> _WORK TO BE COMPLETED_
With the pictures left aside, write out exactly the lines of the listing below from the line with "아무튼 다시 코드로 돌아오자." to the line with "Das Programm wird", both included, and only those.

> _RECORDED DATA_
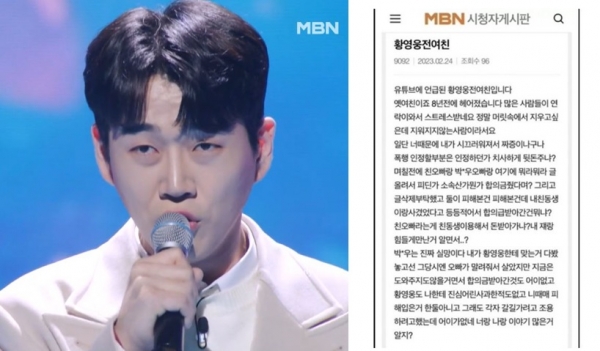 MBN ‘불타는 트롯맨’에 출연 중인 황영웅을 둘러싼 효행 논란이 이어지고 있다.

* * *

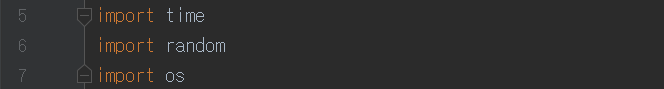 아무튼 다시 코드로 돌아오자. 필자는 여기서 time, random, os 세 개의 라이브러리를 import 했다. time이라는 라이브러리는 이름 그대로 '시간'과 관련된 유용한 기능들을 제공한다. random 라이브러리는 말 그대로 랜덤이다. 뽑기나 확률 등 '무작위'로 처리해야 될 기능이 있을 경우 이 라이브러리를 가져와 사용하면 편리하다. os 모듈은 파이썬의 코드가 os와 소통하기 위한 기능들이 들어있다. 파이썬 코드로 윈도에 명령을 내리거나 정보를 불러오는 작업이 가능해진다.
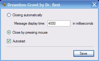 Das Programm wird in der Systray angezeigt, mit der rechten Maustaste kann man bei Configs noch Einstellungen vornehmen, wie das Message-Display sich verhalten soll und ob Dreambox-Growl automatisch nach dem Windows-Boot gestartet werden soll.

> _TASK OUTPUT_
 아무튼 다시 코드로 돌아오자. 필자는 여기서 time, random, os 세 개의 라이브러리를 import 했다. time이라는 라이브러리는 이름 그대로 '시간'과 관련된 유용한 기능들을 제공한다. random 라이브러리는 말 그대로 랜덤이다. 뽑기나 확률 등 '무작위'로 처리해야 될 기능이 있을 경우 이 라이브러리를 가져와 사용하면 편리하다. os 모듈은 파이썬의 코드가 os와 소통하기 위한 기능들이 들어있다. 파이썬 코드로 윈도에 명령을 내리거나 정보를 불러오는 작업이 가능해진다.
 Das Programm wird in der Systray angezeigt, mit der rechten Maustaste kann man bei Configs noch Einstellungen vornehmen, wie das Message-Display sich verhalten soll und ob Dreambox-Growl automatisch nach dem Windows-Boot gestartet werden soll.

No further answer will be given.